Re: e^pi - pi + 9/10^4 + 1/(10^4*ln(2) + sqrt(10)/6)^2 Message #14 Posted by Dieter on 7 Aug 2012, 6:34 p.m., in response to message #11 by Paul Dale I think we can safely assume that the 34s, set to 34 digit precision, will get the first 16 right. ;-) So using the wonderful RSD command of this device you can determine the correct n-digit result with this little routine: 001 LBL A 002 DBLON 003 STO 00 004 # [pi] 005 RSD[->]00 006 e[^]x 007 RSD[->]00 008 # [pi] 009 RSD[->]00 010 - 011 RSD[->]00 012 # 009 013 SDR 004 014 + 015 RSD[->]00 016 # 002 017 LN 018 RSD[->]00 019 SDL 004 020 # 010 021 [sqrt] 022 RSD[->]00 023 # 006 024 / 025 RSD[->]00 026 + 027 RSD[->]00 028 x[^]2 029 RSD[->]00 030 1/x 031 RSD[->]00 032 + 033 RSD[->]00 034 END Now let's see what the correct result for n digits working precision should look like: 16 [A] 19,99999999999999 15 [A] 19,9999999999999 12 [A] 20 10 [A] 20,00000001 Does this answer your question ?-) Dieter

Re: e^pi - pi + 9/10^4 + 1/(10^4*ln(2) + sqrt(10)/6)^2 Message #15 Posted by Paul Dale on 7 Aug 2012, 7:27 p.m., in response to message #14 by Dieter Quote: I think we can safely assume that the 34s, set to 34 digit precision, will get the first 16 right. ;-) Some of us have less faith :-) There most likely will be pathological values where correct rounding won't be achieved but they will be unusual.
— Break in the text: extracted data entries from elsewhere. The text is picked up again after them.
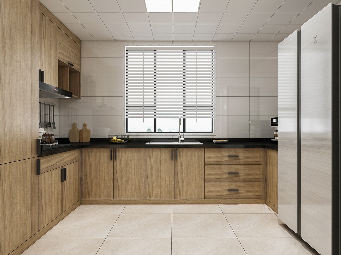 清新脱俗,木作柜身辅以半封闭式的延展,犹抱琵琶半遮面,渐露秩序优美的质感,常用不易脏。
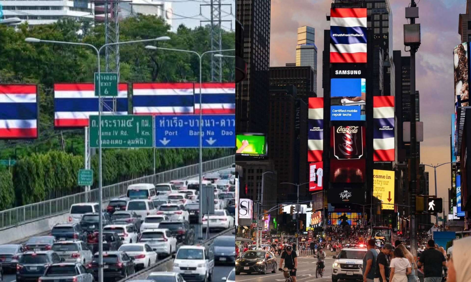 ผู้คนมากมายต่างตั้งคำถามว่า ใครคือผู้อยู่เบื้องหลังการขึ้นภาพธงชาติไทย พร้อมแฮชแท็ก #TruthFromThailand บนจอโฆษณาขนาดยักษ์ใจกลางไทม์สแควร์ กรุงนิวยอร์ก สหรัฐอเมริกา ซึ่งเป็นหนึ่งในพื้นที่โฆษณาที่แพงและโดดเด่นที่สุดในโลก
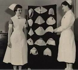 1936年,南丁格尔去世11年之后,护士帽开始变得千奇百怪,几乎每所护士学校都设计了自己的 “校帽”。这个时期大多数护士帽都很小,更像是一件配饰,是护士职业的象征。
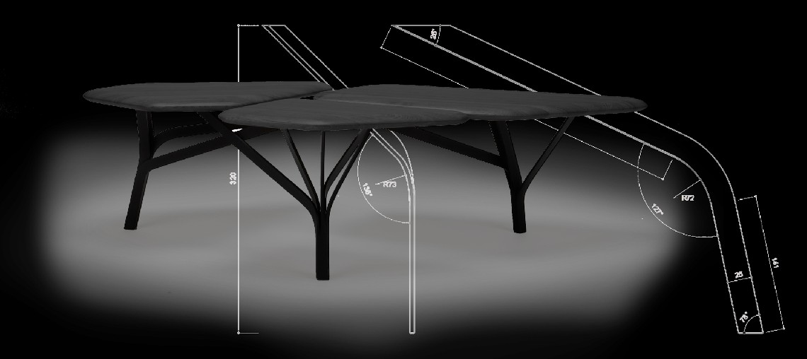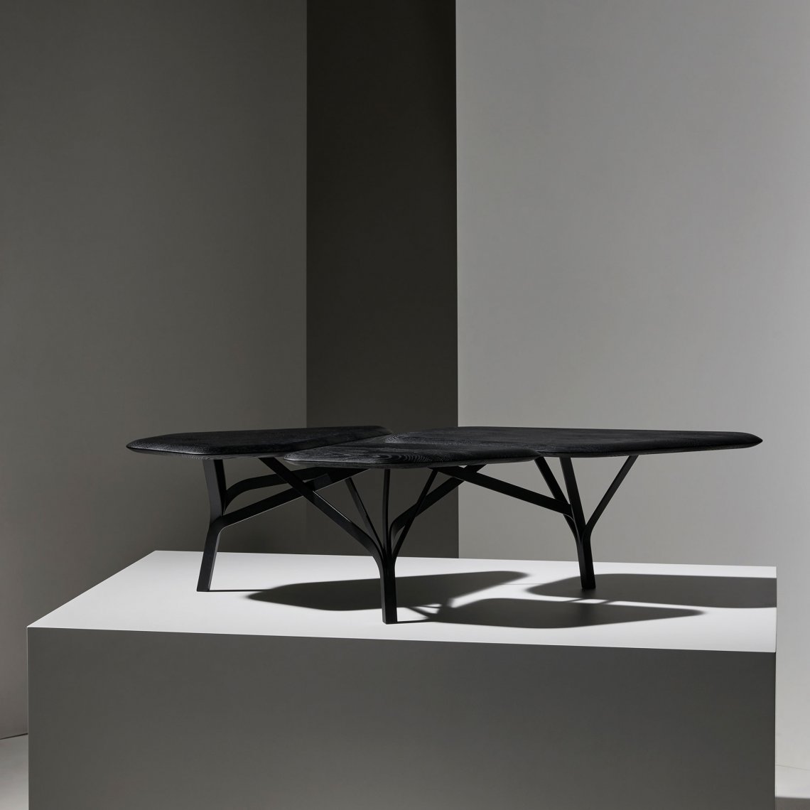 The Borghese table, as the eponymous sofa, is inspired by the umbrella pines at the Villa Borghese gardens in Rome. The characteristic network of branches is translated as a graphic steel framework supporting a trio of solid wood tops.

Quote: Now let's see what the correct result for n digits working precision should look like: 16 [A] 19,99999999999999 15 [A] 19,9999999999999 12 [A] 20 10 [A] 20,00000001 Does this answer your question ?-) For the sixteen digit result, yes :-) - Pauli

Re: e^pi - pi + 9/10^4 + 1/(10^4*ln(2) + sqrt(10)/6)^2 (updated) Message #16 Posted by Walter B on 8 Aug 2012, 5:57 p.m., in response to message #14 by Dieter I keyed in your wonderful little program and get from my WP 34S in ALL 00: 34 [A] 20. [<] 20.000 000 000 000 00 [>] 0 729 511 118 583 827 57 33 [A] 20. [<] 20. [>] 0 729 511 118 583 827 5 32 [A] 20. [<] 20. [>] 0 729 511 118 583 827 31 [A] 20. [<] 20. [>] 0 729 511 118 583 84 30 [A] 20. [<] 20. [>] 0 729 511 118 583 9 ... 24 [A] 20. [<] 20.000 000 000 000 00 [>] 0 729 511 1 23 [A] 20. [<] 20. [>] 0 729 510 22 [A] 20. [<] 20. [>] 0 729 52 21 [A] 20. [<] 20. [>] 0 729 4 20 [A] 20. [<] 20. [>] 0 730 19 [A] 20. [<] 20. [>] 0 72 18 [A] 20. [<] 20. [>] 0 8 17 [A] 20. [<] 20. 16 [A] 20. [<] 19.999 999 999 999 99 15 [A] 20. [<] 19.999 999 999 999 9 14 [A] 20. [<] 20. 13 [A] 20. [<] 20. 12 [A] 20. [<] 20. 11 [A] 20. [<] 20. 10 [A] 20.000 000 01 9 [A] 19.999 999 8 8 [A] 20.000 001 FWIW Edited: 9 Aug 2012, 7:25 a.m.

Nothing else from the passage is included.